Personal details
- Born: January 6, 1973 (age 53)
- Education: Yale University (BA) Duke University (MA, JD) Ohio State University (PhD)

= Sean Trende =

American journalist and political analyst (born 1973)

Sean P. Trende (born January 6, 1973) is an American journalist and political analyst specializing in American elections analysis. He is a Senior Elections Analyst at RealClearPolitics. He has regularly appeared as a guest on Fox News, NPR’s All Things Considered, and CNN Radio. The Washington Times calls him "a premier political number cruncher". He is the author of Lost Majority, published by Palgrave Macmillan. On September 12, 2012, National Journal announced that Trende would be a co-author of the 2014 Almanac of American Politics.

Trende holds a B.A. degree from Yale University, an M.A. in political science, a J.D. from Duke University, a masters in applied statistics and a PhD from The Ohio State University. He practiced law for eight years at Kirkland & Ellis LLP and Hunton & Williams LLP before becoming a full-time political analyst. After living in Midlothian, Virginia with his wife and children, as of 2017 he lives in the Columbus, Ohio area and is working part-time as a professor at Ohio State University.

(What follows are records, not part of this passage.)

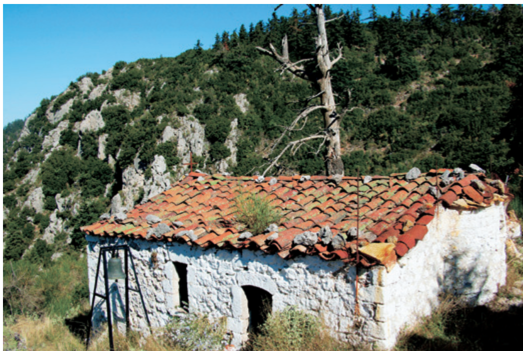
Το απέριττο εξωκκλήσι της Αγ. Μαρίας (άνω), πρώτος σταθμός της θαυμάσιας πεζοπορικής διαδρομής, που έχει κατάληξη στην "Παναγία του Κελλιού" (αριστερά).

Η ΠΕΖΟΠΟΡΙΚΗ ΔΙΑΔΡΟΜΗ ΣΤΗΝ ΑΓ. ΜΑΡΙΝΑ ΚΑΙ ΣΤΗΝ ΠΑΝΑΓΙΑ ΤΟΥ ΚΕΛΛΙΟΥ
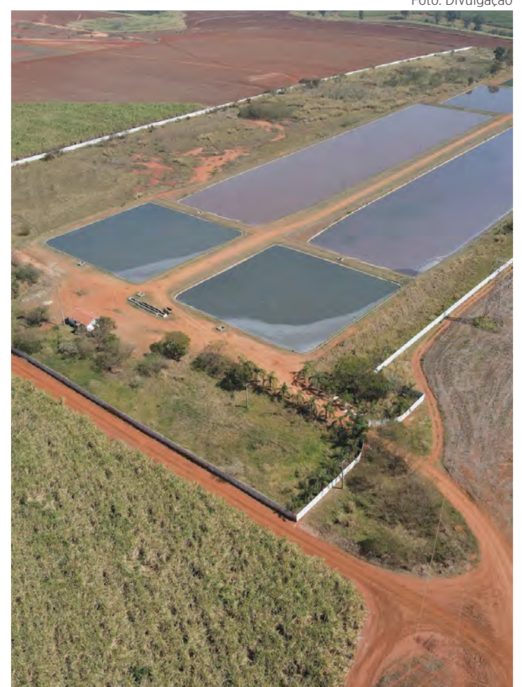
Estação de Tratamento de Esgoto de Santa Gertrudes.

Santa Gertrudes conta com quatro estações elevatórias em operação, uma estação de tratamento de esgoto e mais de 74,5 quilômetros de redes coletoras. “Essa infraestrutura permite que o esgoto produzido pela população retorne aos mananciais em condições adequadas depois de tratado de forma eficiente, de acordo com os padrões exigidos pela legislação”, finaliza.
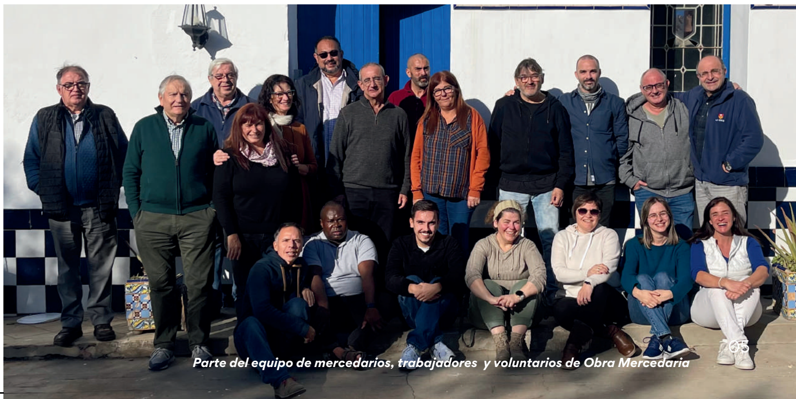
Parte del equipo de mercedarios, trabajadores y voluntarios de Obra Mercedaria

Durante este curso hemos llevado a cabo diferentes actos con una doble finalidad: la primera, para que cada día sean más las personas que conozca a la Mare de Déu de la Mercè y su carisma, y la segunda, para recaudar fondos para que podamos seguir trabajando en esta obra social donde acompañamos a las personas privadas de libertad.
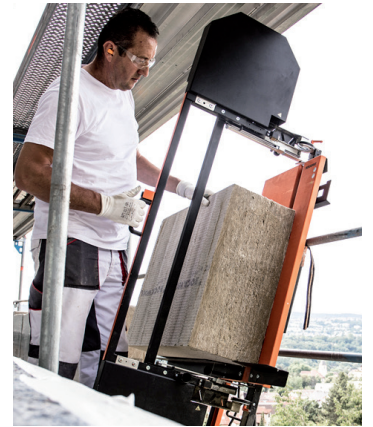
Perfekt für Arbeiten auf dem Gerüst
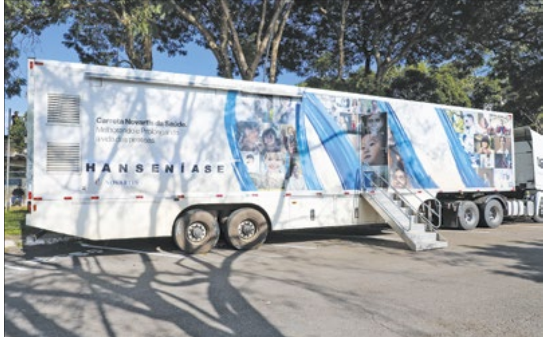
Projeto é do Ministério da Saúde, em conjunto com as secretarias estaduais e municipais
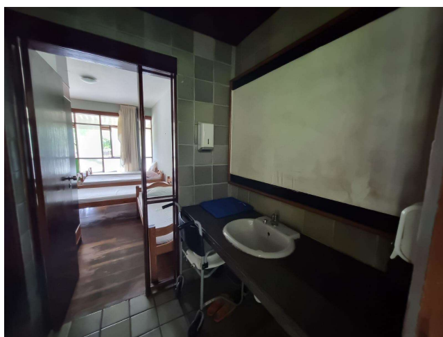
29.14. Pia e cadeira de banho (quarto feminino)
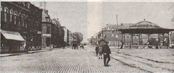
Croix, rue de la Gare et le kiosque.
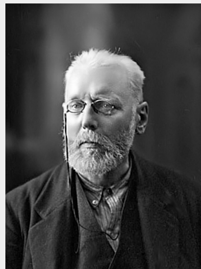
Max Nettlau, Barcelona 1928

Max Heinrich Hermann Reinhardt Nettlau (Wenen, 30 april 1865 - Amsterdam, 23 juli 1944) was een taalwetenschapper en anarchistisch historicus uit Oostenrijk. Hij was een zeer belangrijk Duitstalig geschiedschrijver voor de anarchistische beweging en was de laatste jaren van zijn leven zeer actief in het Internationale Instituut voor Sociale Geschiedenis (IISG) in Amsterdam.
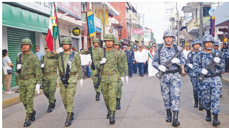
► La mañana del 16 de septiembre se llevó a cabo el desfile cívico-militar conmemorando la Guerra de Independencia.

Al concluir la ceremonia cívica, dio inicio el Desfile Cívico Militar que simboliza la entrada triunfal del Ejército Trigarante que habría de dar libertad y soberanía a nuestro país, iniciando con las Escoltas del VI Regimiento de Caballería Motorizado y de la Estación número Ocho de la Fuerza Aérea; participaron también 13 planteles educativos, Policía Municipal y VI Regimiento de Caballería Motorizado, con un número aproximado de 2 mil 300 participantes.

In 2021, Trende was selected as one of two redistricting special masters by the Supreme Court of Virginia, after it was tasked with redrawing the state's congressional and legislative districts following the 2020 United States census. Republican legislative leaders Tommy Norment and Todd Gilbert had included Trende as part of a replacement list of nominees for the post, after the three nominees on their initial list were all disqualified by the Court for suspected partisanship.